After a number of delays, the UK’s first auction of 5G spectrum is underway, with five bidders hoping to secure a share of the spoils.
EE, O2, Three, and Vodafone will all be bidding, alongside small cell operator Airspan. Fixed wireless broadband operator, Connexin, was also approved as a bidding participant, but withdrew from the process last week.
But what is it that that these major players are bidding for? Well, up for grabs is 40MHz worth of the 2.3GHz airwaves, which can be used right away to support existing 4G services, and 150MHz of 3.4GHz of bandwidth that is earmarked for 5G in 2020.
A fair spectrum cap
The auction is the first to be subject to Ofcom’s new spectrum cap. The regulator says its intends to limit any one operator to just 255MHz of ‘immediately usable’ spectrum (800MHz, 900MHz, 1400MHz, 1800MHz, 2100MHz and 2.6GHz) and 340MHz of all airwaves available in the UK – in effect a cap of 37%.
BT-EE already has its hands on 255MHz, and as a result will be unable to bid for the 2.3GHz band, however it is free to compete for the 3.4GHz spectrum. As a further example, Vodafone has 176MHz therefore would be limited to 85MHz of each; while Airspan, Three and O2 have no restrictions.
The auction will comprise two stages. The first, determines how much spectrum has been won by each bidder, and, the second, will determine where in each band this is located. Notably the process could take several weeks.

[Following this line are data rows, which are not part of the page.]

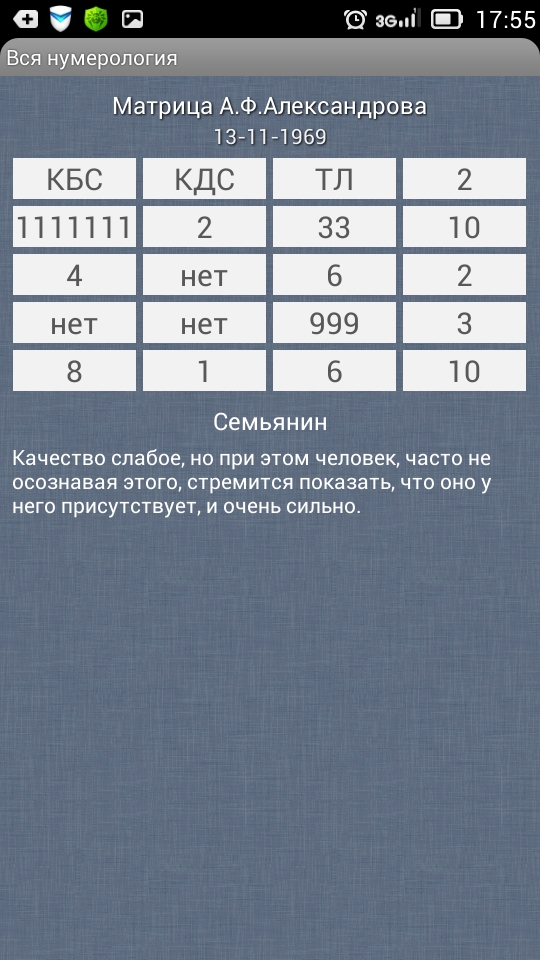 Продолжаю выкладывать скриншоты из программы "Вся нумерология" :D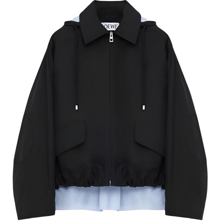 LOEWE罗意威 FW25 棉质华达呢连帽拉链宽松长袖派克大衣 女款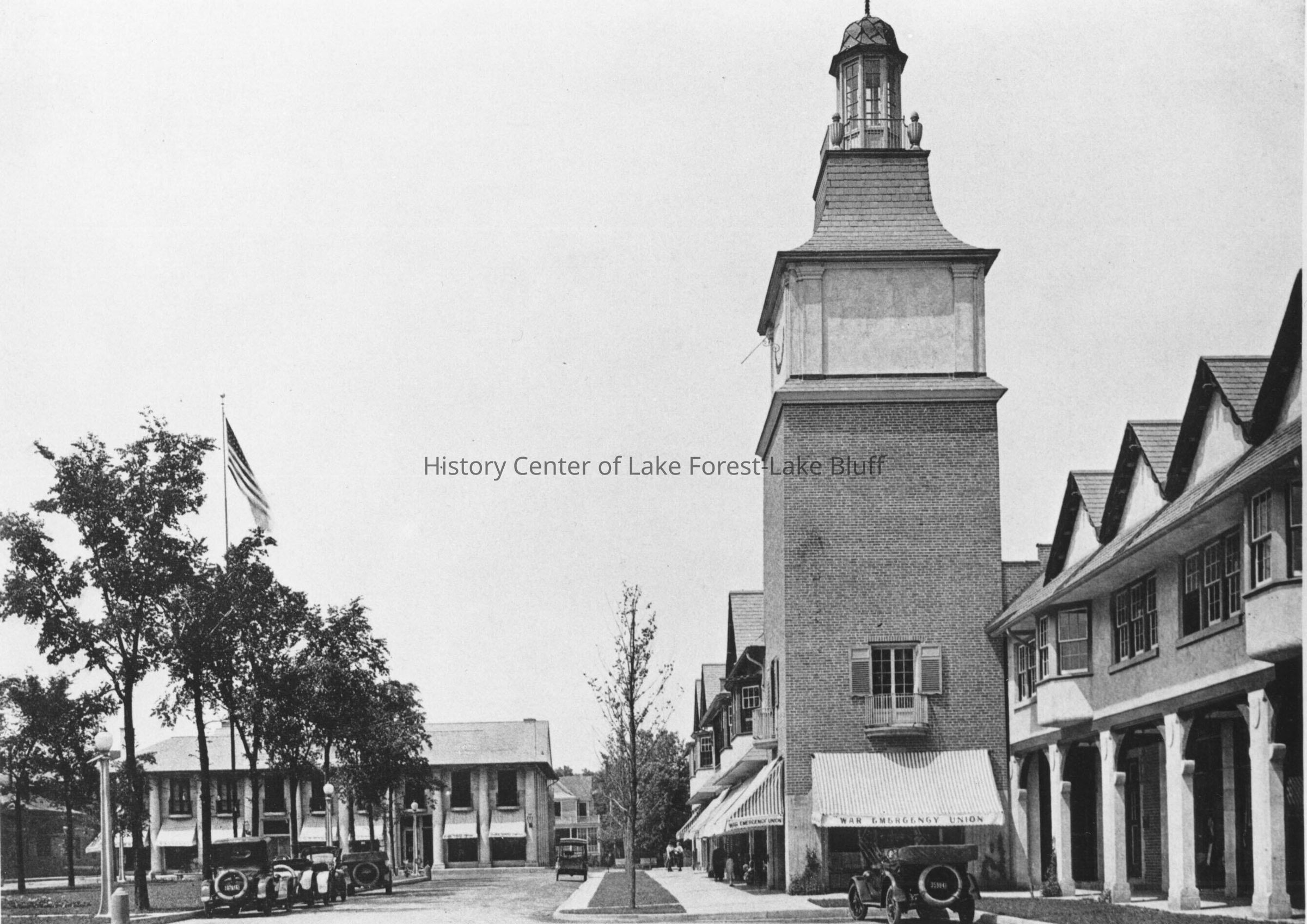 Black and white photograph of Market Square looking west, 700 N. Western Avenue. War Emergency Union, later Garnett's, then Toy Station, then Jolly Good Fellows. From the Western Architect, October 1917.

Ofcom has been keen to stress that its role is to maximise the efficiency of the spectrum and its value to society – not to raise revenue. There were some suggestions that the £2.31 billion raised by the 2013 auction of 4G spectrum was disappointing given that some estimates were as high as £4 billion.
Many industry observers have expressed that they are wary and did not want a repeat of the infamous 3G auction in 2000. This auction generated £22 billion for the treasury and restricted the ability of operators to invest in infrastructure.
“Our job is to release these airwaves quickly and efficiently, and we want to see them in use as soon as possible,” said Philip Marnick, Ofcom’s spectrum group director.
“We are glad the auction is now underway. This spectrum will help improve people’s experience of using mobile broadband today, and also help companies prepare for future 5G services.”